The statement from the lawyers involved explains that actually, the judges found that the Secretary of State had “acted beyond the powers given to him by Parliament by failing to provide any detail” about the schemes. The government was found to have “bypassed Parliament by introducing the Back to Work schemes administratively under an “umbrella” scheme known as the Employment, Skills and Enterprise Scheme, claiming the need for “flexibility’”.
The DWP’s press office response is really quite telling, too. As far as they are concerned, it’s a ‘disappointment’, but the feeling I get is that they will pretty much be continuing business as usual. It’s not unusual for people to be told the wrong thing by advisers at the Jobcentre, so I wonder if claimants will be directly told that they can claim the money back, and that work programmes are not compulsory. From my experience with the Jobcentre, the management don’t even understand their own rules, let alone the staff, so I can’t imagine them being straightforward with claimants from now on.
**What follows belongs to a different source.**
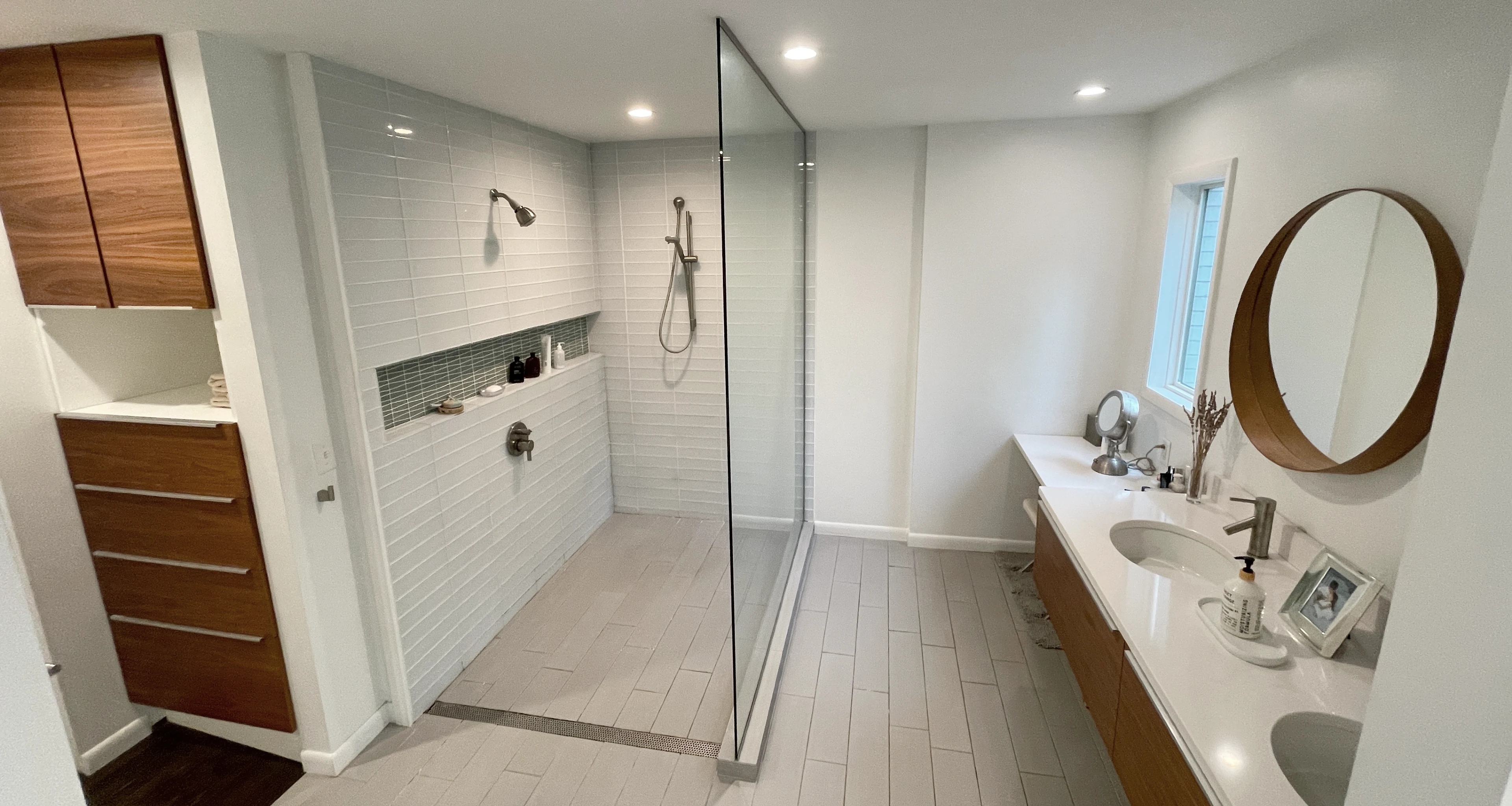 The owners also undertook the task of renovating the bedrooms for modern living. In particular, the master bedroom was remade into a large and functional master suite with walk in closet, a wide floor to ceiling glass wall zero-entry shower and a large double sink vanity and make-up nook.

So what happens next? The DWP have said they will appeal the decision. But if they lose, Iain Duncan Smith will have to rewrite the regulations to make them more transparent, fair, and clear so that claimants understand what they are being asked to do. Additionally, thousands of people who have been sanctioned under these rules will be able claim the money back from the DWP. It would be interesting to get an estimate of how much money the DWP expect to be paying back if the appeal is rejected.
The Boycott Workfare lobby may be able to celebrate a minor victory, but the fight is far from over.